What the task asks: Please repeat the lines below, exactly and only, from the one that holds "La casa tiene" through the one that holds "1月22日,人們在安徽省合肥市肥西縣山南鎮(zhèn)南山苑廣場舞獅。".

Records for this task:
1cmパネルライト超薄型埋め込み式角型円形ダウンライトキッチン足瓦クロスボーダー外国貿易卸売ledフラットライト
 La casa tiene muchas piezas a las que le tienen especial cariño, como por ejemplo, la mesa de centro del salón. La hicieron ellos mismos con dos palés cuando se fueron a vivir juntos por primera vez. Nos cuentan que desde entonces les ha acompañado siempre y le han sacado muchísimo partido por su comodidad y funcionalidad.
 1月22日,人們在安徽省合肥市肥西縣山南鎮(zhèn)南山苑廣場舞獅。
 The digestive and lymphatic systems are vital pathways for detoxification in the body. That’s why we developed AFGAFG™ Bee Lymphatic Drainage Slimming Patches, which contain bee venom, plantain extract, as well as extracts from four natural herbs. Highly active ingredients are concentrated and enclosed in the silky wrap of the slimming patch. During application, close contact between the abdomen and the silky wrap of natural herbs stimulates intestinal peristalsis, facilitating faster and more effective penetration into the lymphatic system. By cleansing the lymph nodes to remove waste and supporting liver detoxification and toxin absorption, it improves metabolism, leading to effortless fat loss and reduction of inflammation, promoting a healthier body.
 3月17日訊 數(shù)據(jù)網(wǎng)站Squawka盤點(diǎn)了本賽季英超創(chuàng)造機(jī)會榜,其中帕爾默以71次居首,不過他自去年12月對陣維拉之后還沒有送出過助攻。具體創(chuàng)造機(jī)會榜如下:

---

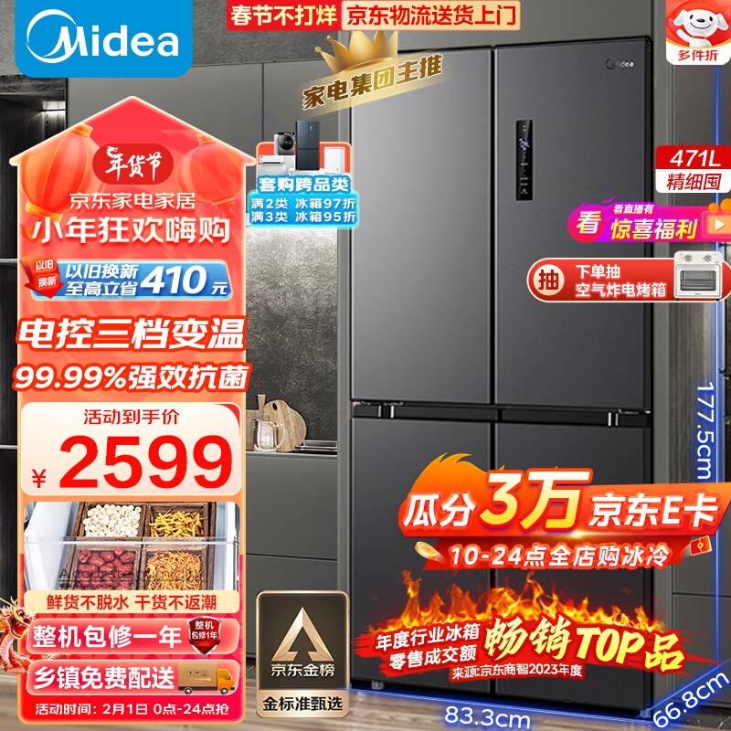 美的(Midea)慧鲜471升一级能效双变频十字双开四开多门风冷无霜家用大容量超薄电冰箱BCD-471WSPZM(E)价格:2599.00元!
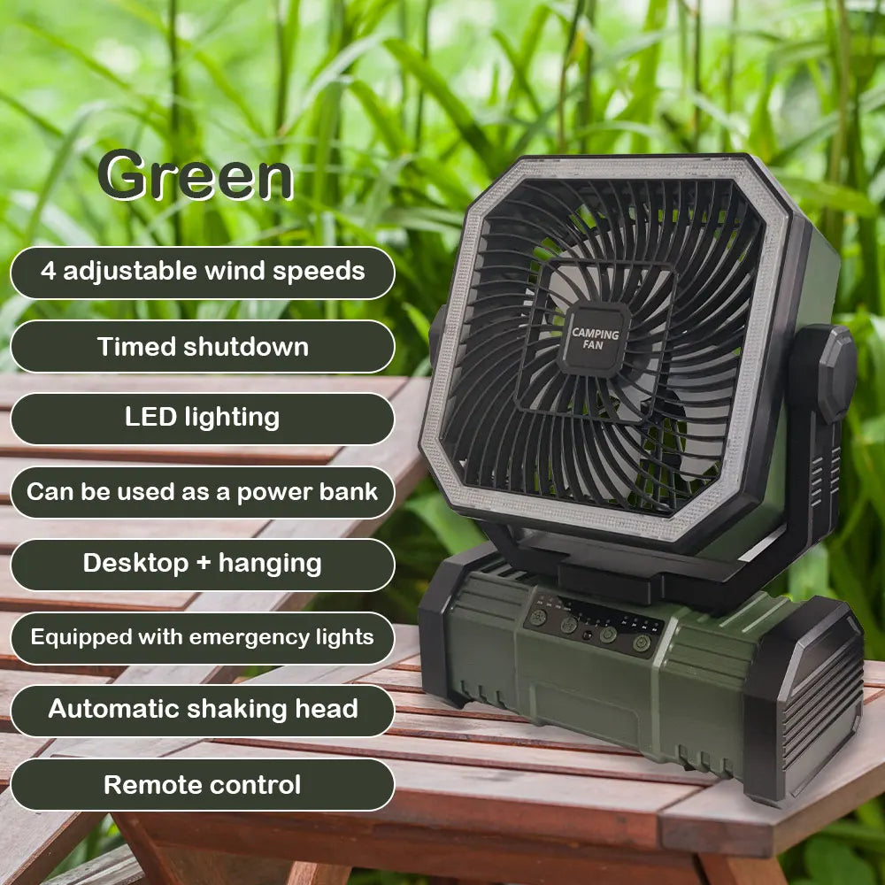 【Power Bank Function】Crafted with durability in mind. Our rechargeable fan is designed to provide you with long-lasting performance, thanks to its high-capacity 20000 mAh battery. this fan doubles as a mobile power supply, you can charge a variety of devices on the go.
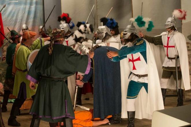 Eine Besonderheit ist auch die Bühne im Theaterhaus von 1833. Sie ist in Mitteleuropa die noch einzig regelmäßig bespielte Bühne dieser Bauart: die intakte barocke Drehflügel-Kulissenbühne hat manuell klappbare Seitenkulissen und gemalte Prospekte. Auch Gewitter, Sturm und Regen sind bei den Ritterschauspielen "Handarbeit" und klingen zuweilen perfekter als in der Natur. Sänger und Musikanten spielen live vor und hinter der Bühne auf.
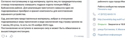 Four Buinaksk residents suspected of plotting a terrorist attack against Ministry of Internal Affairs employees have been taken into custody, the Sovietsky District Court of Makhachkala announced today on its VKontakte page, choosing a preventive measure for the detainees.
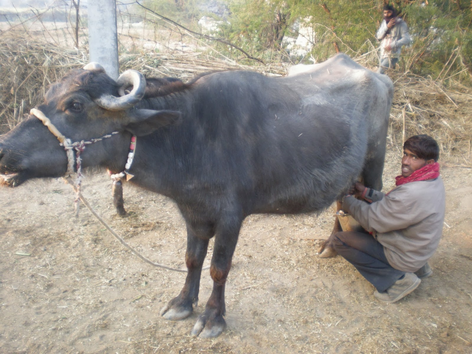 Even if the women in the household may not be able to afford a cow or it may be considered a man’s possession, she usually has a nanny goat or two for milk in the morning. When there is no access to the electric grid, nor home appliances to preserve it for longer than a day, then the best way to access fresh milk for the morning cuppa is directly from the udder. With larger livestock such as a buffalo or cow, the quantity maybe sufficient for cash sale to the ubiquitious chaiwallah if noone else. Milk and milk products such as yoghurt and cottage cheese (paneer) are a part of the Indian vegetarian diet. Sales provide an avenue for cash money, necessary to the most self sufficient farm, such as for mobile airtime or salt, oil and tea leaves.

==

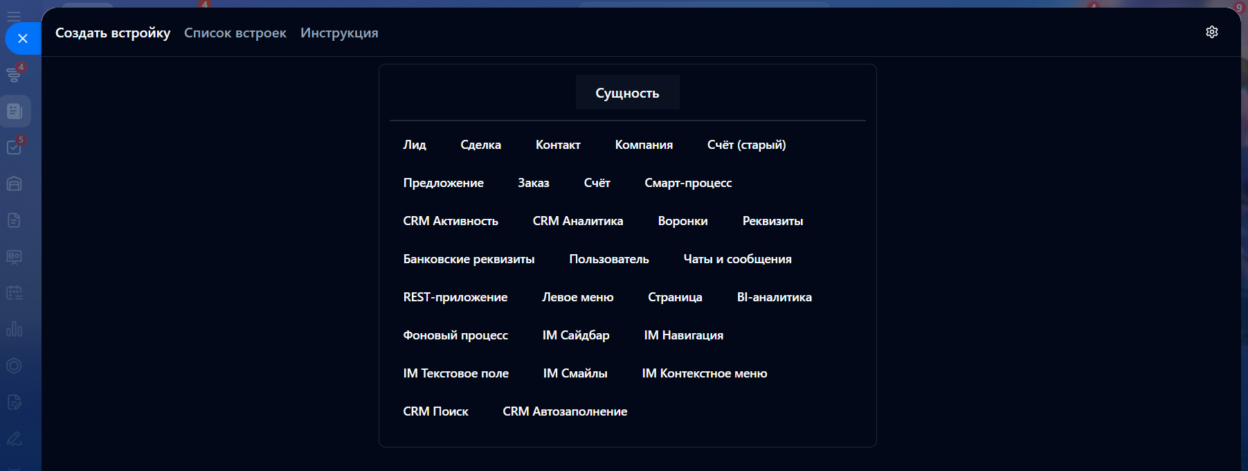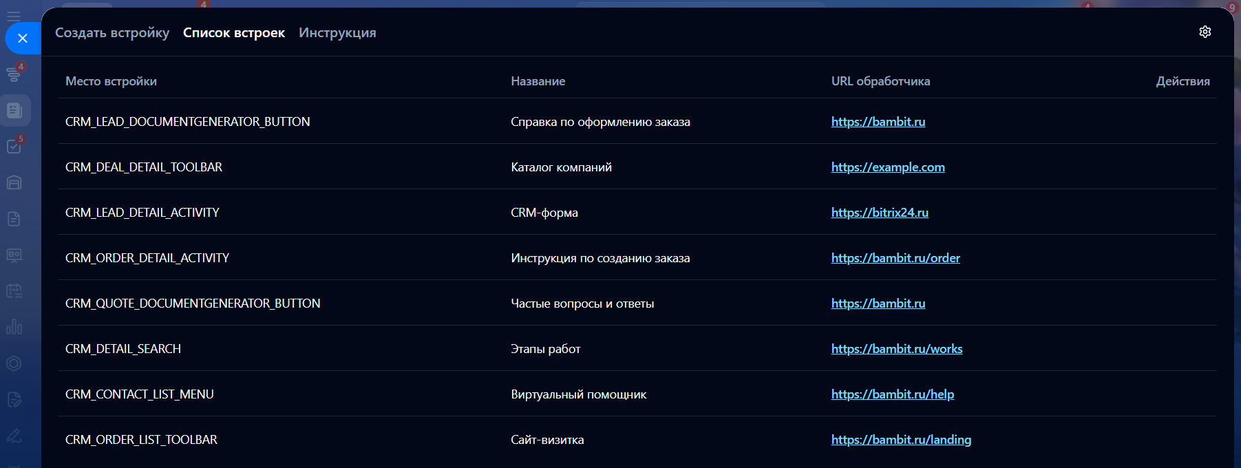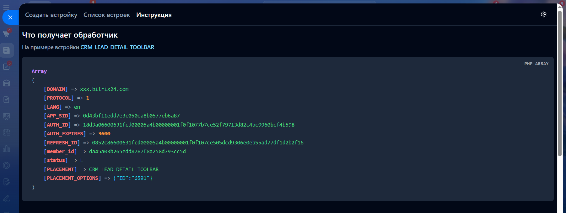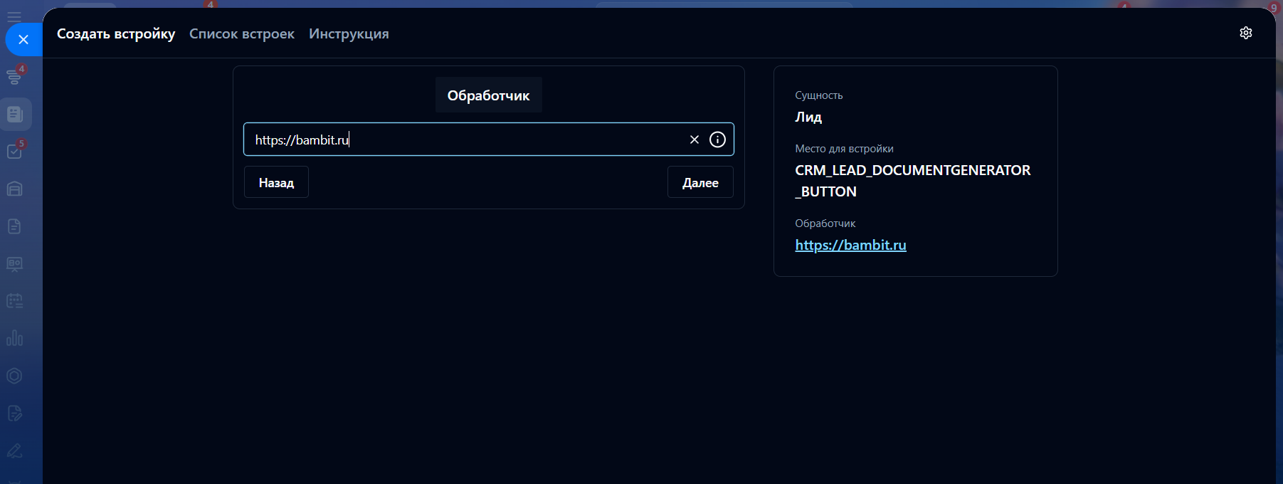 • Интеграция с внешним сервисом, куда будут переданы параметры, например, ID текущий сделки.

Answer for the task:
 La casa tiene muchas piezas a las que le tienen especial cariño, como por ejemplo, la mesa de centro del salón. La hicieron ellos mismos con dos palés cuando se fueron a vivir juntos por primera vez. Nos cuentan que desde entonces les ha acompañado siempre y le han sacado muchísimo partido por su comodidad y funcionalidad.
 1月22日,人們在安徽省合肥市肥西縣山南鎮(zhèn)南山苑廣場舞獅。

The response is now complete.